34ºc, Sunny
Halo... Berita hari ini 02-Jul-2026 1:34:52
Berita Kampusku – The 1st International Conference on Sharia Economics and Sustainable Development (ICSESD 2026) sukses diselenggarakan secara daring melalui platform Zoom Meeting pada Rabu, 24 Juni 2026, mulai pukul 09.00 WIB (GMT+7). Konferensi internasional ini menghadirkan akademisi, peneliti, praktisi, dan mahasiswa dari berbagai institusi untuk berdiskusi mengenai perkembangan ekonomi syariah dan pembangunan berkelanjutan di tingkat global.
Kegiatan diawali dengan pembukaan yang dipandu oleh panitia, dilanjutkan dengan menyanyikan lagu Indonesia Raya. Acara resmi dibuka melalui sambutan yang disampaikan oleh Prof. Dr. H. Agus Maimun, M.Pd, yang menekankan pentingnya penguatan kolaborasi internasional dalam pengembangan riset ekonomi syariah yang mampu menjawab tantangan pembangunan masa depan.
Pada sesi keynote, Prof. Dr. Agus Eko Sujianto, S.E., M.M., RIFA menyampaikan materi berjudul “The Scope of Islamic Economics and Future Research Opportunities.” Dalam paparannya, beliau menjelaskan cakupan luas ekonomi Islam yang tidak hanya berfokus pada aspek keuangan syariah, tetapi juga mencakup dimensi sosial, etika, dan pembangunan berkelanjutan. Beliau juga menguraikan berbagai peluang penelitian yang dapat dikembangkan oleh akademisi untuk memperkuat kontribusi ekonomi Islam dalam menjawab isu-isu global kontemporer.
Memasuki sesi utama, acara dipandu oleh Dr. Shella Gherina Saptiany, M.Pd selaku moderator. Sesi ini menghadirkan sejumlah pembicara dari berbagai latar belakang keilmuan yang membahas isu-isu strategis terkait ekonomi syariah dan pembangunan berkelanjutan.

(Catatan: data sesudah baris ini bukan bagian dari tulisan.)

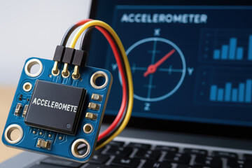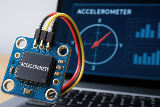 Compact accelerometer module with cable on laptop keyboard inspiring engineering education and innovation in sensor design and motion analysis

Pembicara pertama, Dr. Nuur Halimatus Sa'adiah Masrukhin, menyampaikan materi bertajuk “From Green Economy to Regenerative Economy.” Dalam presentasinya, beliau menjelaskan transformasi konsep ekonomi hijau menuju ekonomi regeneratif yang tidak hanya berupaya mengurangi dampak lingkungan, tetapi juga menciptakan sistem yang mampu memulihkan dan memperbaiki kondisi sosial maupun ekologis secara berkelanjutan.
Selanjutnya, Dr. Mohammad Sahabuddin memaparkan materi berjudul “Rethinking Financial Stability in Islamic Banking Practices in Bangladesh: Regulatory and Supervisory Challenges.” Beliau membahas berbagai tantangan regulasi dan pengawasan yang dihadapi industri perbankan syariah di Bangladesh serta pentingnya penguatan tata kelola untuk menjaga stabilitas sistem keuangan syariah di tengah dinamika ekonomi global.
Materi berikutnya disampaikan oleh Ahmad Gelora Mahardika dengan judul “Development Between State-Led Capitalism and Monopoly Regulation.” Dalam paparannya, beliau mengulas hubungan antara peran negara dalam pembangunan ekonomi dan pentingnya regulasi untuk mencegah praktik monopoli, sehingga tercipta keseimbangan antara pertumbuhan ekonomi dan persaingan usaha yang sehat.
Sebagai pembicara terakhir, Dr. Rokhmat Subagiyo, M.E. menyampaikan materi “Maqashid Syariah sebagai Fondasi Etis.” Beliau menegaskan bahwa nilai-nilai maqashid syariah dapat menjadi landasan etis dalam perumusan kebijakan ekonomi dan pembangunan yang berorientasi pada kemaslahatan, keadilan, dan kesejahteraan masyarakat.
Setiap sesi presentasi diikuti dengan diskusi dan tanya jawab yang berlangsung aktif dan interaktif. Para peserta memanfaatkan kesempatan tersebut untuk bertukar pandangan, menyampaikan pertanyaan, serta memperluas wawasan terkait berbagai isu yang dibahas oleh para narasumber.
Melalui penyelenggaraan The 1st International Conference on Sharia Economics and Sustainable Development (ICSESD 2026), diharapkan terjalin sinergi yang semakin kuat antara akademisi, peneliti, dan praktisi dari berbagai negara dalam mengembangkan kajian ekonomi syariah yang inovatif dan berkelanjutan. Konferensi ini juga menjadi momentum penting untuk mendorong lahirnya penelitian-penelitian kolaboratif yang mampu memberikan kontribusi nyata bagi pembangunan ekonomi yang berkeadilan dan berkelanjutan di tingkat global.